> _Assignment_:
Your response should consist solely of the records, written out exactly.

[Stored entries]
****************************************

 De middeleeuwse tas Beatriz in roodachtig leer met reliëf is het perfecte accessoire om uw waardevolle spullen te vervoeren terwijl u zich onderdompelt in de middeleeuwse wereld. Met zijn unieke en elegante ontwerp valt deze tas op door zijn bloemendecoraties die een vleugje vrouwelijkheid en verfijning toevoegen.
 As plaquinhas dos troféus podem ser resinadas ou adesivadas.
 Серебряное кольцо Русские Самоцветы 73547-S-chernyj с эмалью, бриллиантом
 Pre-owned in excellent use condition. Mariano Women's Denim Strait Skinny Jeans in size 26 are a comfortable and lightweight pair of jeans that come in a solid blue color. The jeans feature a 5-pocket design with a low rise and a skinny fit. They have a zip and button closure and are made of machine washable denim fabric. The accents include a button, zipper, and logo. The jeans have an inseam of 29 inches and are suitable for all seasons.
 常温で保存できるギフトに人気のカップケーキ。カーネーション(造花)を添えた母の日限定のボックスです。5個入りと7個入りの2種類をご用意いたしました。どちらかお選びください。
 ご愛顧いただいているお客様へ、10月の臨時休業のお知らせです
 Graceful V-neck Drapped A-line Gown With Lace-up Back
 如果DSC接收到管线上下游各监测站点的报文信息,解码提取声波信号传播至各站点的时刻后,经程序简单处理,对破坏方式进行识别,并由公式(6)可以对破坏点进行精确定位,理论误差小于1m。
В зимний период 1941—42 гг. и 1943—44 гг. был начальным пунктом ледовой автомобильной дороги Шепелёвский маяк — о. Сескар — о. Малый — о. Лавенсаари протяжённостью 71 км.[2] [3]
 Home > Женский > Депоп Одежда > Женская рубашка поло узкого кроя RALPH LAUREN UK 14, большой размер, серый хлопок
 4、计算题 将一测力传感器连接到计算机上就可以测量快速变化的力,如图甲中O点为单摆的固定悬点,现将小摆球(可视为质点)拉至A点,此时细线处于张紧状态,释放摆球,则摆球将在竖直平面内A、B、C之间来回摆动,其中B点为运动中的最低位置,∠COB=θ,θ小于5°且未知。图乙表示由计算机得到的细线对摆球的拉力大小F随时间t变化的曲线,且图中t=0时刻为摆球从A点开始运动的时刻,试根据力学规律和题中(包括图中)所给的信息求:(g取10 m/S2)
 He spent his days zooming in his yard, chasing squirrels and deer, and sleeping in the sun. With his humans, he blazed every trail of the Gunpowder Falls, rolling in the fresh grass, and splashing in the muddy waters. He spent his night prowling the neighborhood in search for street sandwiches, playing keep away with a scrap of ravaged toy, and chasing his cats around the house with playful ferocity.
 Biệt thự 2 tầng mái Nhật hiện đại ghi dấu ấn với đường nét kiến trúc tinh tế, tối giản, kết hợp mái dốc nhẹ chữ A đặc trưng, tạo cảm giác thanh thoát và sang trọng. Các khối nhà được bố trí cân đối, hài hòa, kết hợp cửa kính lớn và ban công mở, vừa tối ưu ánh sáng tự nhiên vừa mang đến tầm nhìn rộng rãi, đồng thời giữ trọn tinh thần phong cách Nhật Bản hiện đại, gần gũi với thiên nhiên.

****************************************

> _Exercise answer_:
 De middeleeuwse tas Beatriz in roodachtig leer met reliëf is het perfecte accessoire om uw waardevolle spullen te vervoeren terwijl u zich onderdompelt in de middeleeuwse wereld. Met zijn unieke en elegante ontwerp valt deze tas op door zijn bloemendecoraties die een vleugje vrouwelijkheid en verfijning toevoegen.
 As plaquinhas dos troféus podem ser resinadas ou adesivadas.
 Серебряное кольцо Русские Самоцветы 73547-S-chernyj с эмалью, бриллиантом
 Pre-owned in excellent use condition. Mariano Women's Denim Strait Skinny Jeans in size 26 are a comfortable and lightweight pair of jeans that come in a solid blue color. The jeans feature a 5-pocket design with a low rise and a skinny fit. They have a zip and button closure and are made of machine washable denim fabric. The accents include a button, zipper, and logo. The jeans have an inseam of 29 inches and are suitable for all seasons.
 常温で保存できるギフトに人気のカップケーキ。カーネーション(造花)を添えた母の日限定のボックスです。5個入りと7個入りの2種類をご用意いたしました。どちらかお選びください。
 ご愛顧いただいているお客様へ、10月の臨時休業のお知らせです
 Graceful V-neck Drapped A-line Gown With Lace-up Back
 如果DSC接收到管线上下游各监测站点的报文信息,解码提取声波信号传播至各站点的时刻后,经程序简单处理,对破坏方式进行识别,并由公式(6)可以对破坏点进行精确定位,理论误差小于1m。
В зимний период 1941—42 гг. и 1943—44 гг. был начальным пунктом ледовой автомобильной дороги Шепелёвский маяк — о. Сескар — о. Малый — о. Лавенсаари протяжённостью 71 км.[2] [3]
 Home > Женский > Депоп Одежда > Женская рубашка поло узкого кроя RALPH LAUREN UK 14, большой размер, серый хлопок
 4、计算题 将一测力传感器连接到计算机上就可以测量快速变化的力,如图甲中O点为单摆的固定悬点,现将小摆球(可视为质点)拉至A点,此时细线处于张紧状态,释放摆球,则摆球将在竖直平面内A、B、C之间来回摆动,其中B点为运动中的最低位置,∠COB=θ,θ小于5°且未知。图乙表示由计算机得到的细线对摆球的拉力大小F随时间t变化的曲线,且图中t=0时刻为摆球从A点开始运动的时刻,试根据力学规律和题中(包括图中)所给的信息求:(g取10 m/S2)
 He spent his days zooming in his yard, chasing squirrels and deer, and sleeping in the sun. With his humans, he blazed every trail of the Gunpowder Falls, rolling in the fresh grass, and splashing in the muddy waters. He spent his night prowling the neighborhood in search for street sandwiches, playing keep away with a scrap of ravaged toy, and chasing his cats around the house with playful ferocity.
 Biệt thự 2 tầng mái Nhật hiện đại ghi dấu ấn với đường nét kiến trúc tinh tế, tối giản, kết hợp mái dốc nhẹ chữ A đặc trưng, tạo cảm giác thanh thoát và sang trọng. Các khối nhà được bố trí cân đối, hài hòa, kết hợp cửa kính lớn và ban công mở, vừa tối ưu ánh sáng tự nhiên vừa mang đến tầm nhìn rộng rãi, đồng thời giữ trọn tinh thần phong cách Nhật Bản hiện đại, gần gũi với thiên nhiên.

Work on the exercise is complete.